2018年7月24日火曜日

       8月の旬
        ナシ
                   薬剤師 橋本紀代子
 中国ナシや日本ナシ(和ナシ)はもぎたてを食用にしますが、西洋ナシは熟成させて食べます。どれにもザラザラした石細胞があります。「ナシ=無し」はイメージが良くないとの理由から、「アリノミ」と呼ぶこともあります。
 日本ナシは「二十世紀」などの青ナシと、「長十郎」や「幸水」などの赤ナシの2系統があり、300もの品種があります。風味が良いので、外国にも輸出されています。

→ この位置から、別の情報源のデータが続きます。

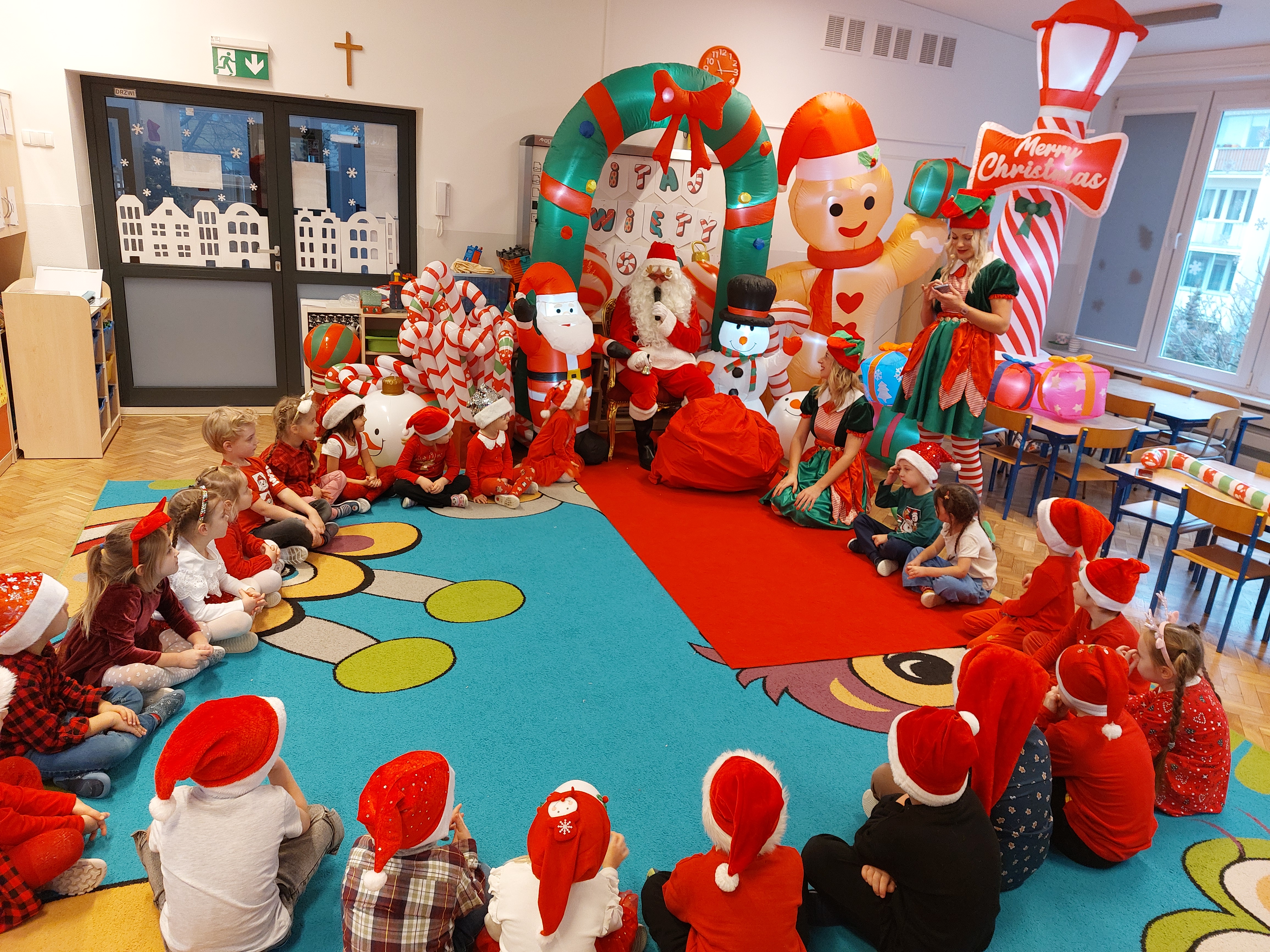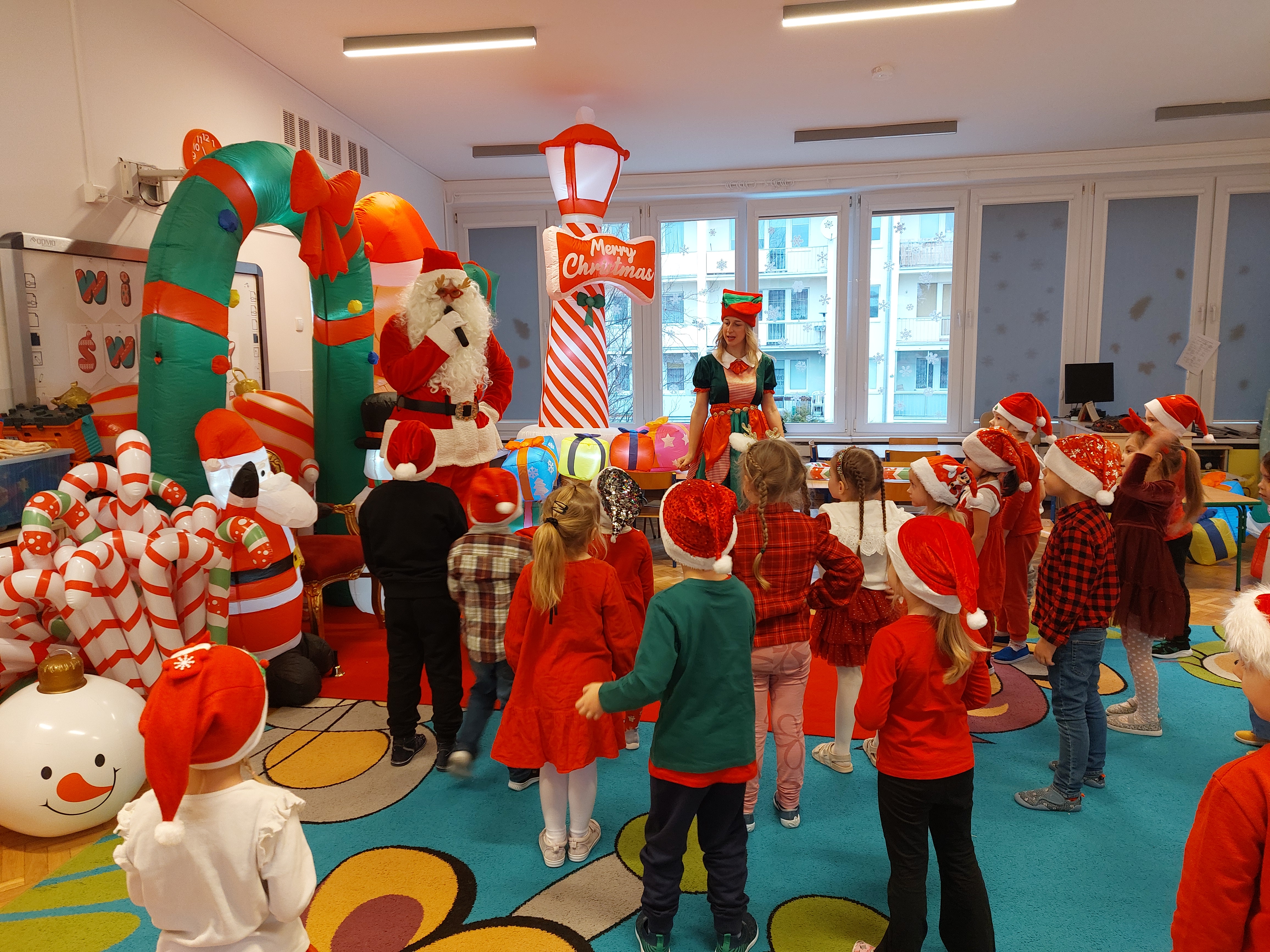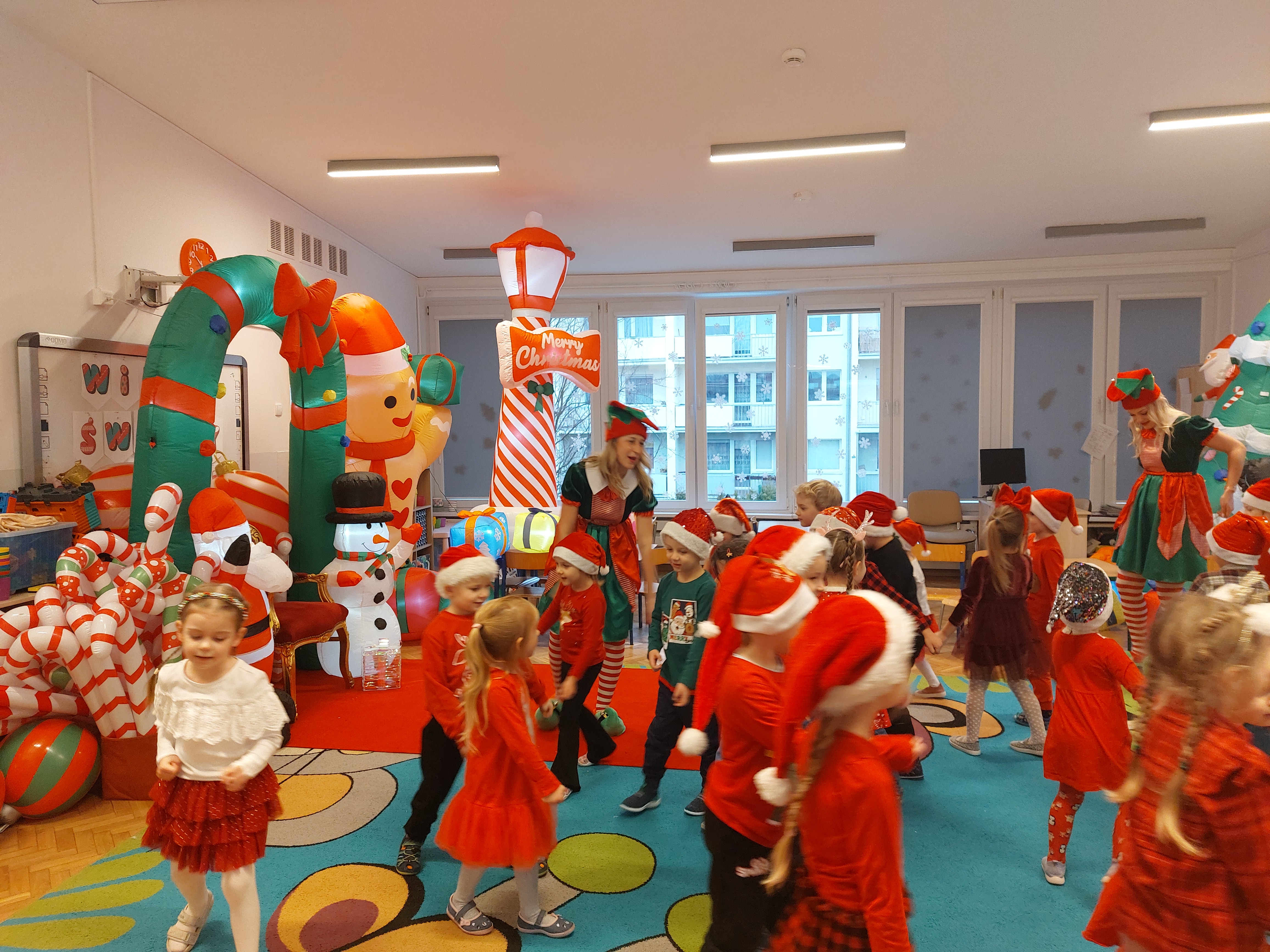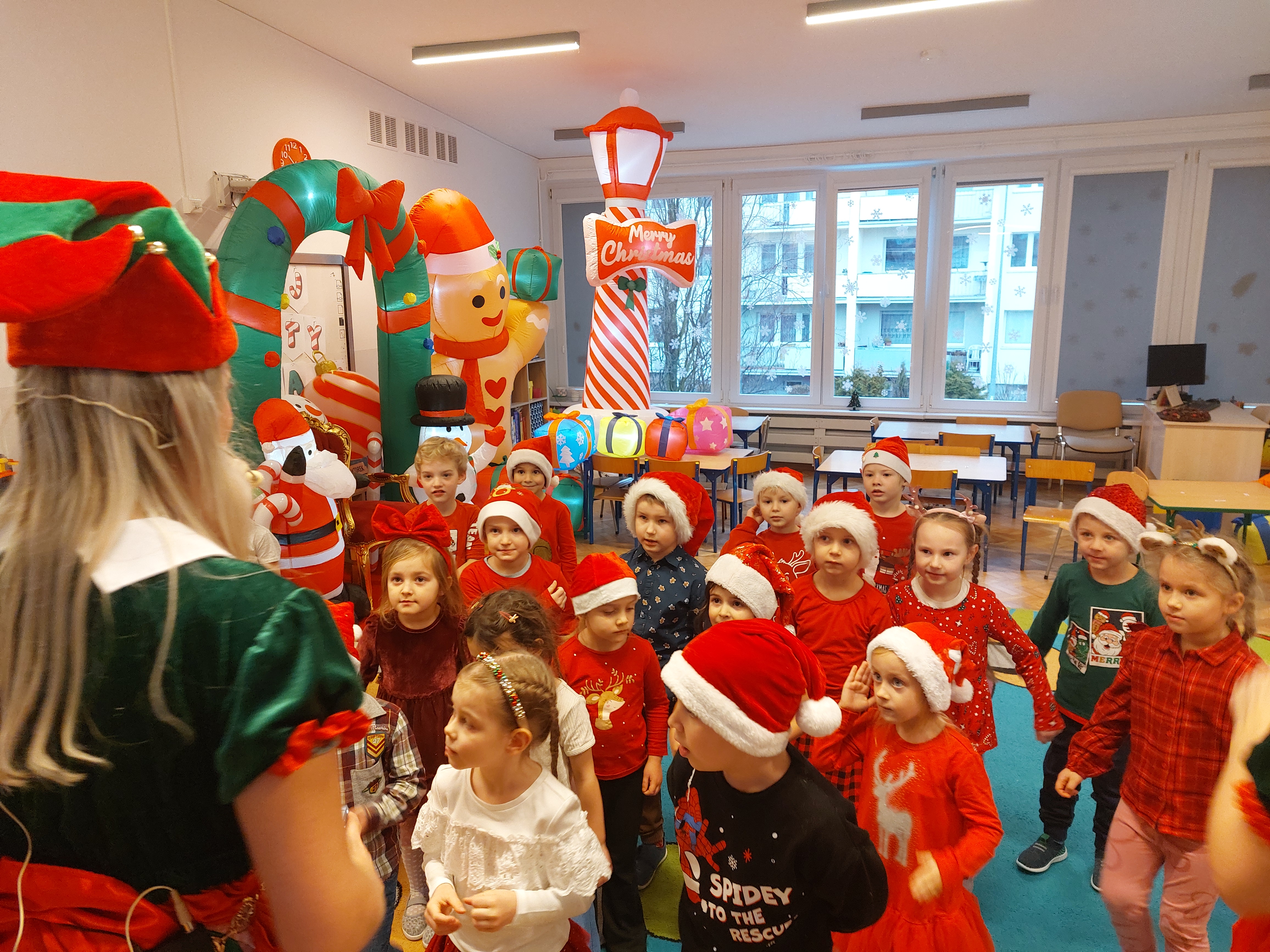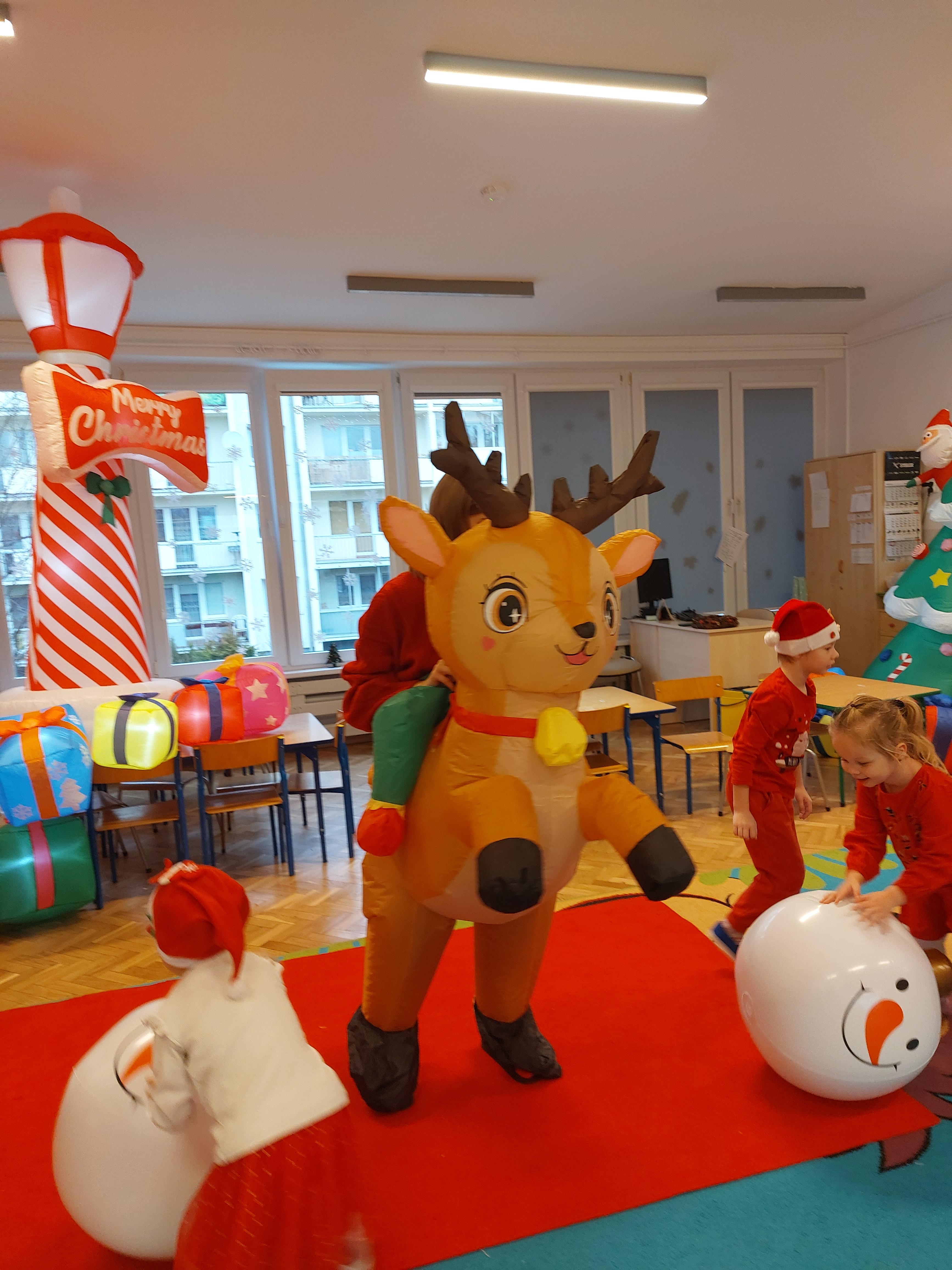 3 grudnia obchodziliśmy w naszym przedszkolu mikołajki. Tego dnia odwiedził nas wyjątkowy gość - Mikołaj, wraz ze swoimi sympatycznymi elfkami. To była prawdziwa impreza! Zaczęliśmy zabawami przy świątecznych piosenkach, później były zawody w toczeniu ogromnej bombki i reniferkowy pociąg. Choć prawdziwa zima do nas jeszcze nie zawitała, elfki sprawiły, że w sali spadł na nas prawdziwy śnieg! Po tych ekscytujących zabawach nastąpiła główna atrakcja dnia - do sali wszedł prawdziwy Mikołaj, dźwigając ogromny worek pełen prezentów! To nie był koniec zabaw - wspólnie z Mikołajem bawiliśmy się w ,,pytanie czy zadanie", zatańczyliśmy, a na koniec nadszedł czas, aby Mikołaj rozdał dzieciom wyczekiwane przez nie niespodzianki. Emocjom nie było końca!

 原産地の中国では、ナシは「百果の宗」と呼ばれます。日本へは弥生時代に入ってきました。現在、出荷量が多いのは千葉県、茨城県、福島県などです。
 ナシの90%は水分です。甘みのもとはショ糖や果糖。有機酸やアスパラギン酸は疲労回復に、カリウムは高血圧予防に役立ちます。たんぱく質を分解する「プロテアーゼ」には肉を軟らかくする働きがあり、食後にデザートとして食べると、消化を助けます。
 漢方では、熱感が強い風邪や熱中症などに良いとされます。風邪のときはナシをジュースにして飲みます。咳や痰には、ナシのジュースにハチミツとショウガのしぼり汁を加えて煮詰めたものが効きます。
おいしい食べ方と保存方法
 皮をむいて一口大に切ったナシを冷凍すればシャーベットに、果肉を煮詰めればナシジャムに、果汁はゼリーに最適です。砂糖、水、白ワイン、レモン汁のシロップで煮るとコンポート(果物のシロップ煮)になります。
 みそとしょうゆにすりおろしたナシを混ぜ、厚切りの豚肉を漬けて冷蔵庫に一晩置いて焼くと、肉が軟らかくなり、美味です。
 保存はポリ袋などに入れて、冷蔵庫の野菜室に。なるべく早く食べましょう。